In Porto in January 1882 he married Elisa Dantas Gonçalves Pereira (Rio de Janeiro, Rio de Janeiro, December 15, 1865 - April 21, 1942), by whom he had sixteen children. One of his sons in law was writer Aquilino Ribeiro.
He then turned to a second interest; in 1882 was elected to the Portuguese parliament for Lamego, and in 1886 for Coimbra. In 1890 and 1894 was also elected Peer of the Realm by the Coimbra University. During this period he was briefly Minister for Public Works on the Hintze Ribeiro cabinet, in 1893 and created the first labour court in Portugal. Taking a special interest in public education during his political activity he was made part of the Superior Council of Public Education in 1892, and published several books on the subject. Machado was also briefly President of the Directory of the Democratic Party in 1902, and after switching to the Republican Party, was this party's President of the Directory from 1906 to 1909. He was one of the few Monarchists-turned-Republican who switched still during Monarchy.

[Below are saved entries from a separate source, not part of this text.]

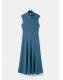 Diseño largo. Diseño recto. Cuello alto drapeado. Manga corta. Cierre de botón en el cuello. El color azul es exclusivo online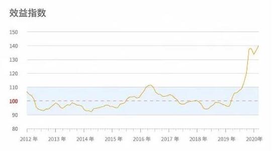 據(jù)農(nóng)業(yè)農(nóng)村部統(tǒng)計(jì)數(shù)據(jù),2月豬肉集貿(mào)市場(chǎng)價(jià)格為58.89元/公斤。從盈利水平來看, 2020年2月我國(guó)生豬產(chǎn)業(yè)效益指數(shù)增至139.77,不僅顯著高于100的盈虧均衡點(diǎn),也高于今年1月份(136.15)的水平。不過,受新冠疫情的影響,生豬產(chǎn)業(yè)發(fā)展環(huán)境指數(shù)較1月份有所回落。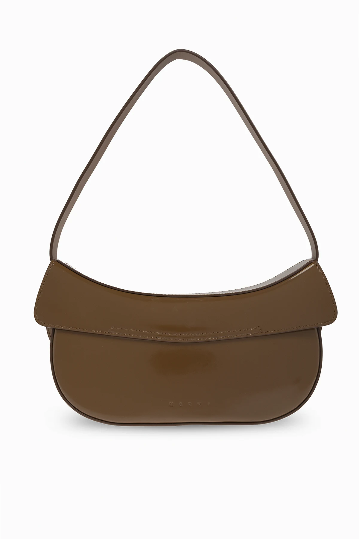 Wir präsentieren Ihnen die Schultertasche "Butterfly Medium" aus der Kollektion der exklusiven Marke Marni . Diese exquisite Tasche begeistert mit ihrer klassischen, abgerundeten Form und der glatten, glänzenden braunen Oberfläche, die einen subtilen Glanz ausstrahlt.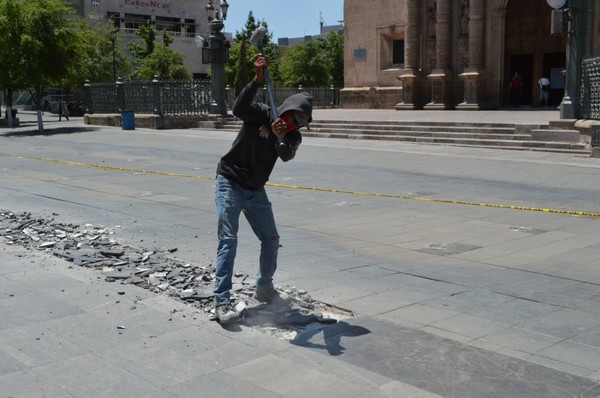 Personal de la Subdirección de Espacios Públicos es el encargado de realizar acciones de reparación en las canteras que se encuentra en la concurrida plaza, las cuales muestran un desgaste y se busca evitar cualquier incidente al paso de los ciudadanos en el emblemático lugar.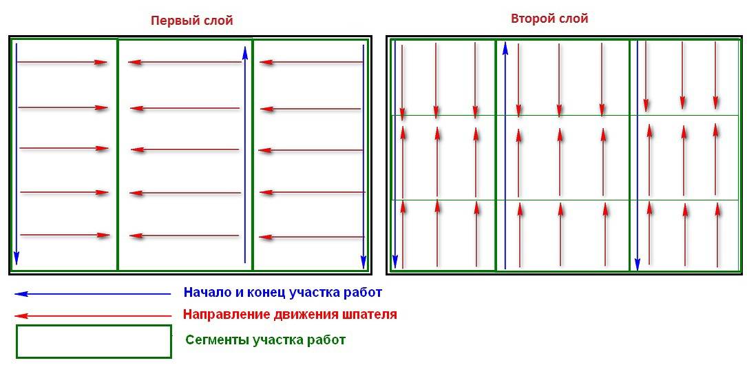 Можно наносить стартовую шпаклевку по направляющим, за один раз толстым слоем. Это удобно при использовании акриловых смесей. Но многослойная технология дает лучшие результаты при изменении температурных режимов.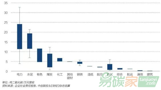 從行業(yè)強(qiáng)度分布圖可看出,電力、水泥的排放強(qiáng)度要遠(yuǎn)高于其他行業(yè)。鋼鐵行業(yè)雖然排放總量較多,但強(qiáng)度相對(duì)較小。而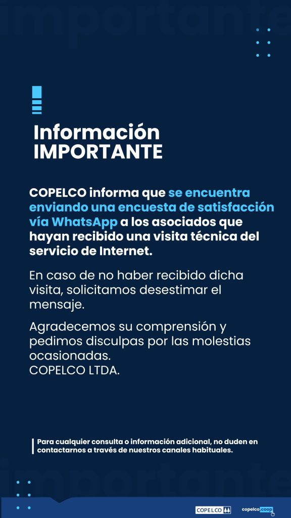 Se indicó que efectivamente la cooperativa envía a través de la red social WhatsApp una encuesta, pero está dirigida exclusivamente a aquellas personas que pidieron el servicio técnico para internet.

Once the Republic was proclaimed in 1910 he was made Minister for Foreign Affairs, and ran an unsuccessful campaign for the Presidential elections of 1911. Afterwards appointed ambassador to Brazil, made his political comeback in 1914 to lead one of many brief cabinets the country had in this period. Machado ran again to the Presidency in 1915 and was this time elected President of Portugal. In the course of his term, he would receive Germany's declaration of war (March, 1916), and would visit the Portuguese forces placed in France in the battlefields.
In 1917 the government was deposed by a military coup headed by Sidónio Pais, and Machado went into exile.
Upon Machado's return in 1919 he was elected Senator. He served as Prime Minister from 10 February to 23 May 1921. Once again, in 1925, he achieved the presidential office after President Teixeira Gomes resigned, only to be overthrown a year later (1926) by Gomes da Costa (See: 28th May 1926 coup d'état and Ditadura Nacional). The country remained under a military, then civilian, dictatorship until 1974.
For a second time he went into exile in France, where he continued to be very critical of the Portuguese regime. The German occupation of France in 1940 forced him to seek protection in Portugal, which the government granted him with the condition that he was to be confined to his personal retreat in the northern part of Portugal. It was there in Oporto that he died in 1944.